[[ Input data, beginning ]]
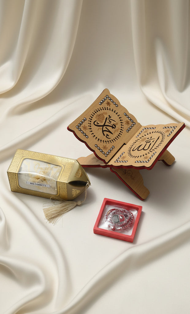 Elevate your spiritual moments with this beautifully curated Islamic gift set, featuring a premium prayer rug, a handcrafted wooden Rehal (Quran stand), and a matching Tasbeeh (prayer beads). Thoughtfully designed for comfort and devotion, this set makes an ideal gift for loved ones or a special addition to your own prayer essentials.
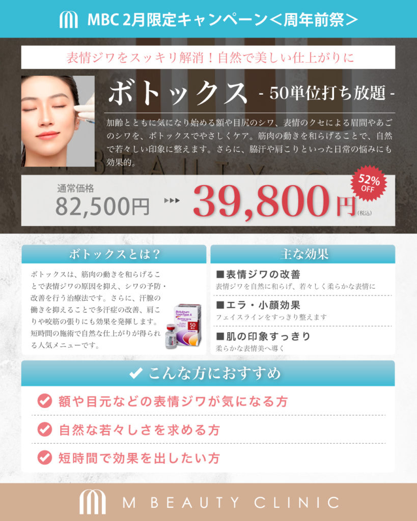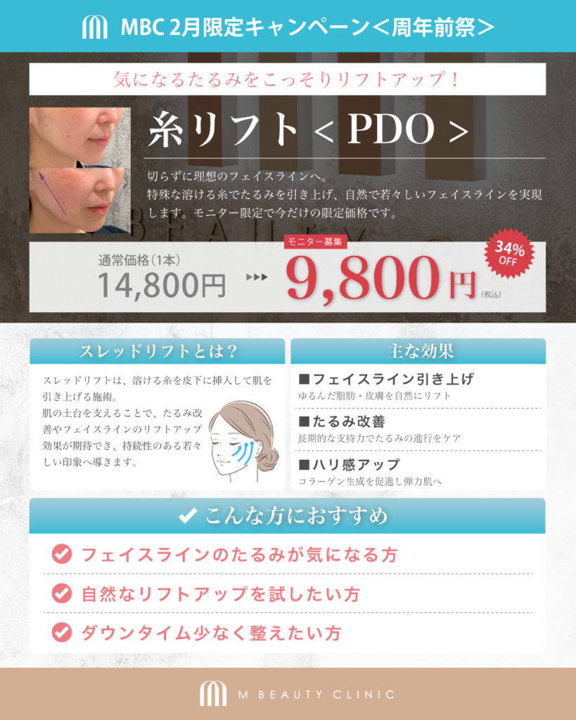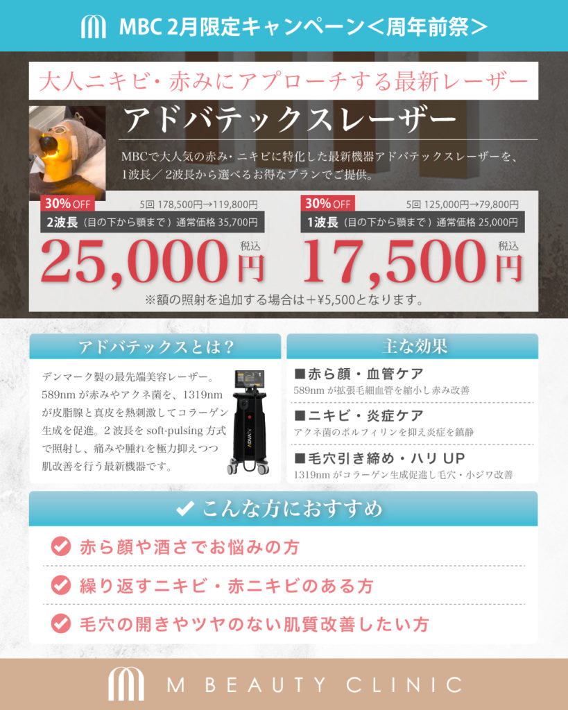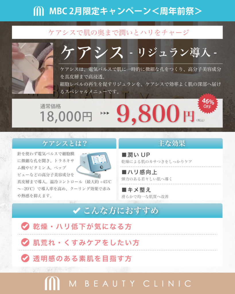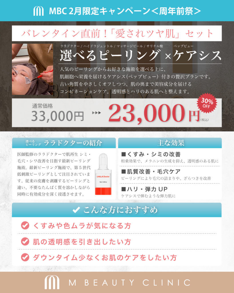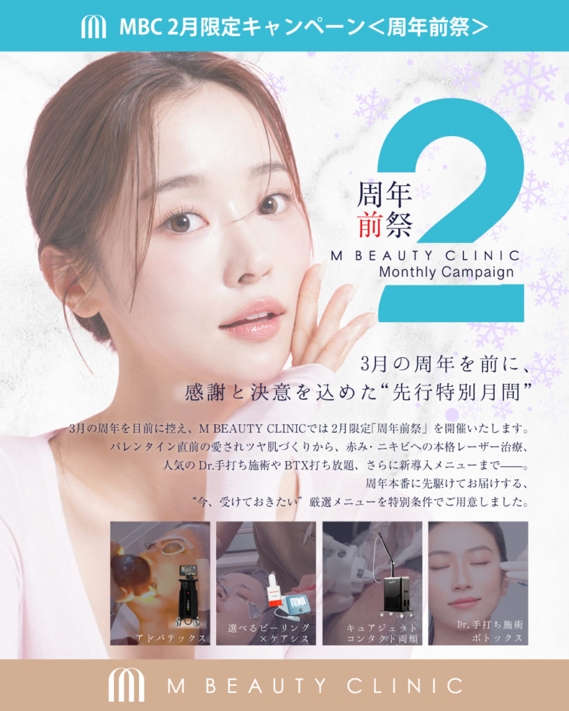 3月の周年を目前に控え、日頃のご愛顧への感謝と、これからのさらなる進化を込めてM BEAUTY CLINICでは<2月限定「周年前祭」>を開催いたします。
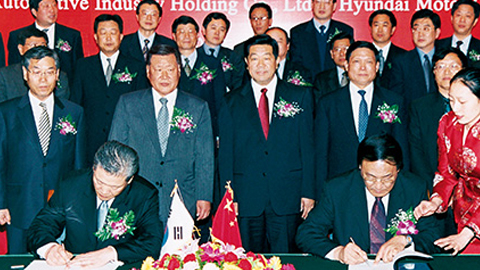 2002年4月29日,北汽集團與韓國現代汽車公司在北京簽署了全面戰略合作協議,北京現代汽車股份有限公司成為中國加入世貿組織后第一家完整的汽車制造合資企業。
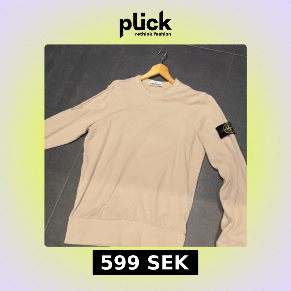 Snygg beige långärmad tröja från Stone Island med klassisk rund hals och ikonisk svart patch med logga på vänster. Pris kan diskuteras vid snabb affär
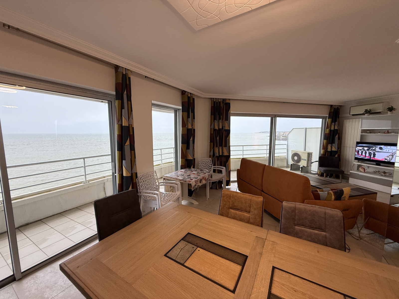 Ma plus grande fierté ? Ma pièce de vie baignée de lumière. Imaginez 40 m² de confort s'ouvrant sur un balcon généreux. De là, je vous offre un spectacle permanent : une vue imprenable sur la côte et, majestueux à l'horizon, le Phare de Cordouan qui veille sur vos soirées.
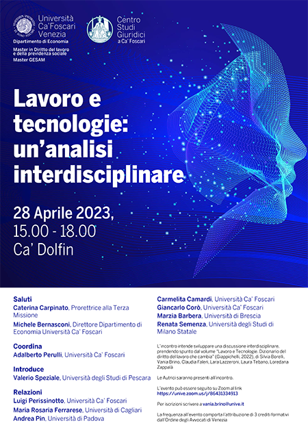 L’evento può essere seguito su Zoom al link https://unive.zoom.us/j/86431334913
[[ Input data, end ]]
= What you should do =
Copy everything in the listing above exactly except the pictures.

= Response area =
 Elevate your spiritual moments with this beautifully curated Islamic gift set, featuring a premium prayer rug, a handcrafted wooden Rehal (Quran stand), and a matching Tasbeeh (prayer beads). Thoughtfully designed for comfort and devotion, this set makes an ideal gift for loved ones or a special addition to your own prayer essentials.
 3月の周年を目前に控え、日頃のご愛顧への感謝と、これからのさらなる進化を込めてM BEAUTY CLINICでは<2月限定「周年前祭」>を開催いたします。
 2002年4月29日,北汽集團與韓國現代汽車公司在北京簽署了全面戰略合作協議,北京現代汽車股份有限公司成為中國加入世貿組織后第一家完整的汽車制造合資企業。
 Snygg beige långärmad tröja från Stone Island med klassisk rund hals och ikonisk svart patch med logga på vänster. Pris kan diskuteras vid snabb affär
 Ma plus grande fierté ? Ma pièce de vie baignée de lumière. Imaginez 40 m² de confort s'ouvrant sur un balcon généreux. De là, je vous offre un spectacle permanent : une vue imprenable sur la côte et, majestueux à l'horizon, le Phare de Cordouan qui veille sur vos soirées.
 L’evento può essere seguito su Zoom al link https://unive.zoom.us/j/86431334913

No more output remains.